We have many different dharmas. Men and women, for example, seem to be almost from two different species. The gulf between them appears to be almost impossible to bridge.
There is the dharma of our caste (or class), our country and our religion. Each profession has its own dharma. Each language has its own dharma. A very important dharma is the dharma of the family we were born into.
A working definition of dharma should include the rules of how to behave in any group to which we belong. Looking deeper, dharma is a certain mind-set and range of emotions that accompanies a group that we are part of. Usually, these "rules" are not written down anywhere, but are just "the way it is" for a given group.

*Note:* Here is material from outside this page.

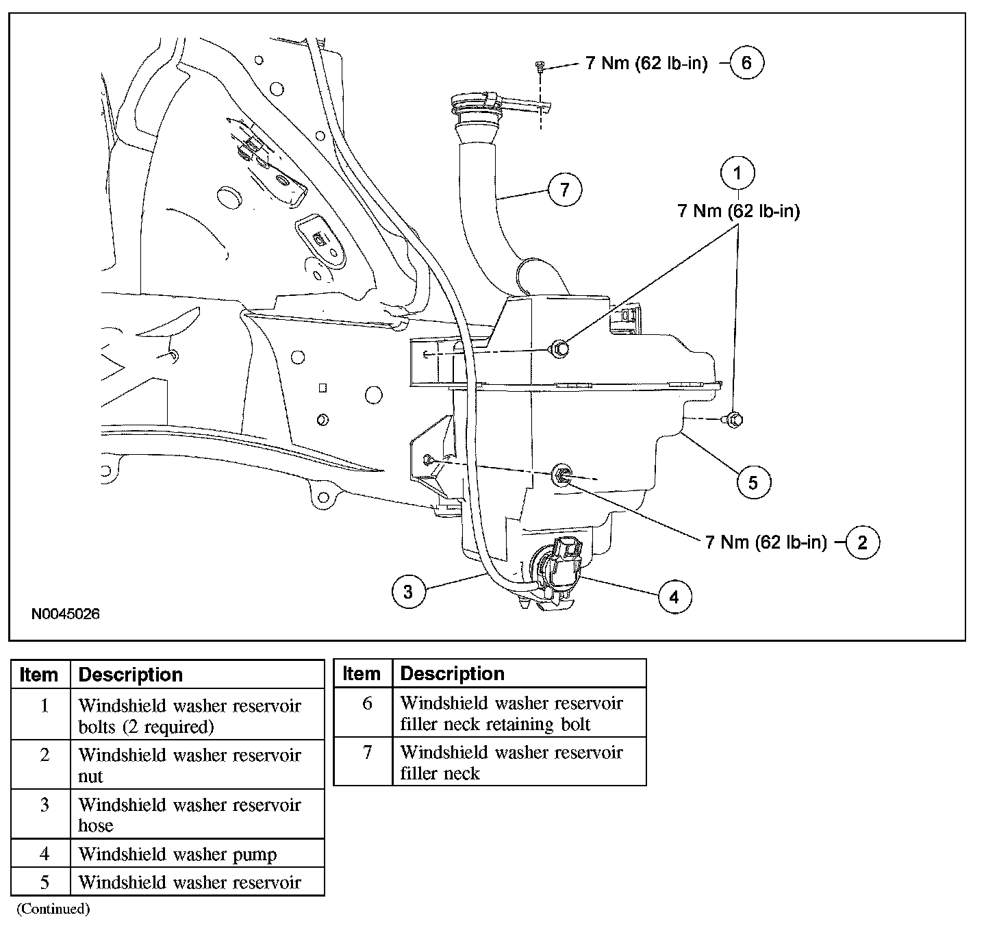 Wiper and Washer System - Exploded View, Washer Pump and Reservoir

But, as I see it, we are One in the most important dharma of all - the dharma of the Self. Please note that I spelled Self with a capital S. The small self is our earthly personality. The Big Self is our Soul. This is called the Atman in Sanskrit.
The great Oversoul of the universe is called Brahman. A common phrase in Vedic texts, more or less, is that Atman equals Brahman. In other words, in the deepest part of each one of us, we are part of the Great Mind that was never born, will never die, and is omniscient, omnipotent and omnipresent.
The idea that all humans are created equal seems to come from this Atman-Brahman part of us. On the surface, we are very much unequal. Some are rich, others are poor. Some are fat, others thin. Many, many traits separate us.
It is very comforting, at least to me, to understand that, in the deepest, most important part of us, we are all One.
In the highest level of Enlightenment, we experience that all we perceive and experience is part of one grand, living, breathing, dancing Whole. It seems that all the masters have preached this idea in some way or another.
This is the Dharma of the Self, of the Soul, of the Atman. This is the Dharma of the Great Brahman. It transcends all other dharmas, all other rules, all other memberships in any group or organization whatsoever.